O número de refugiados em todo o mundo subiu durante seis anos consecutivos. Cerca de 68 milhões de pessoas estão agora deslocadas pela violência e pela perseguição – o equivalente a um quinto da população da América, quase metade da população da Rússia e mais do que toda a população da Grã-Bretanha.
Ao mesmo tempo, o apoio humanitário é cronicamente subfinanciado. Em setembro de 2018, a Agência para os Refugiados das Nações Unidas, o Alto Comissariado das Nações Unidas para Refugiados (UNHCR / ACNUR) e seus parceiros receberam apenas 31% dos fundos necessários para fornecer assistência básica a milhões de refugiados sírios e pessoas deslocadas.
A mesma situação terrível também existe em outros lugares, com menos da metade dos recursos humanitários necessários, na grande maioria dos países afetados por conflitos. Se nada for feito, esta tendência de números crescendo e recursos escassos continuará com graves consequências em 2019.
Esta não é uma situação sustentável. A resposta não está nos países que adotam medidas unilaterais severas que miram nos refugiados e que são contrárias aos valores e às responsabilidades humanitárias. Isso só vai piorar o problema.
Em vez disso, devemos reduzir o número de pessoas deslocadas em todo o mundo, prevenindo e resolvendo os conflitos que as expulsam de suas casas.
Temos de reunir pessoas e países para agirem juntos com base em interesses comuns e aspirações universais de segurança, dignidade e igualdade. Este assunto não tem que vir às custas da nossa segurança e bem-estar econômico em casa, mas é um requisito essencial para enfrentar problemas de dimensões internacionais.

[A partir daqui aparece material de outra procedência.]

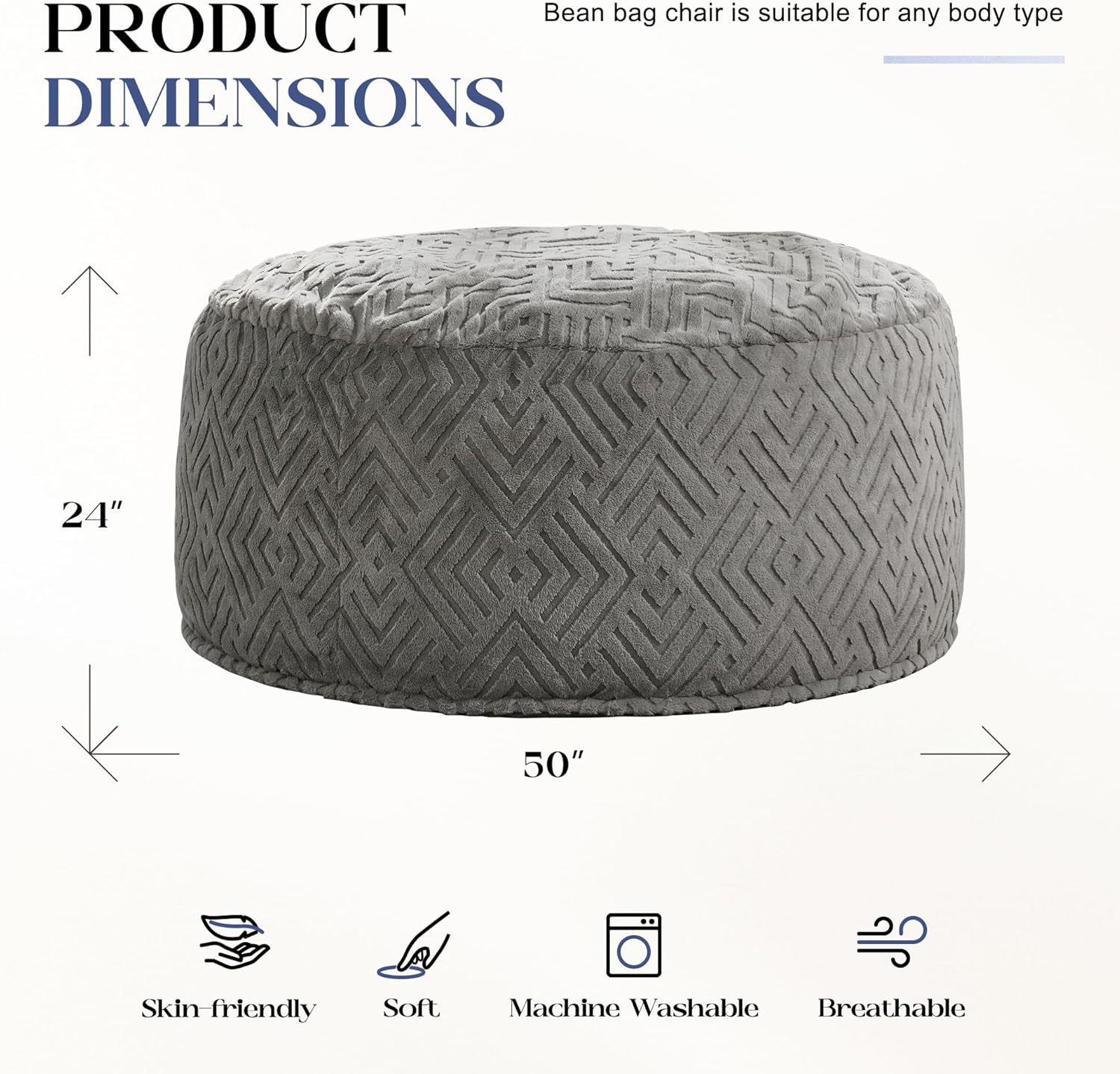 Hobestluk Bean Bag Chairs Adults Beanbag Chair with Filler Large Bean Bags with Fluffy Embossed Cover, Giant Bean Bag Chairs for Adults (Grey, 5FT - 50” x 50” x 24”)

Direitos, financiamento, ação
Vamos aos fatos. Em primeiro lugar, 85% de todos os refugiados vive em países de baixa e média renda. A maioria das pessoas deslocadas pela violência permanece dentro das fronteiras de seus próprios países. Aqueles que são forçados a sair, tendem a permanecer o mais perto possível de casa, em nações vizinhas.
Menos de 1% de todos os refugiados são reassentados, inclusive nos países ocidentais. Os países mais pobres do mundo estão arcando com o peso deste fardo. Não podemos supor que eles continuarão a fazer isso, independentemente das políticas das nações mais ricas. Se o número de refugiados crescer, como provavelmente ocorrerá em 2019, o mesmo ocorrerá com a tensão desse desequilíbrio, a menos que façamos um trabalho melhor para compartilhar responsabilidades.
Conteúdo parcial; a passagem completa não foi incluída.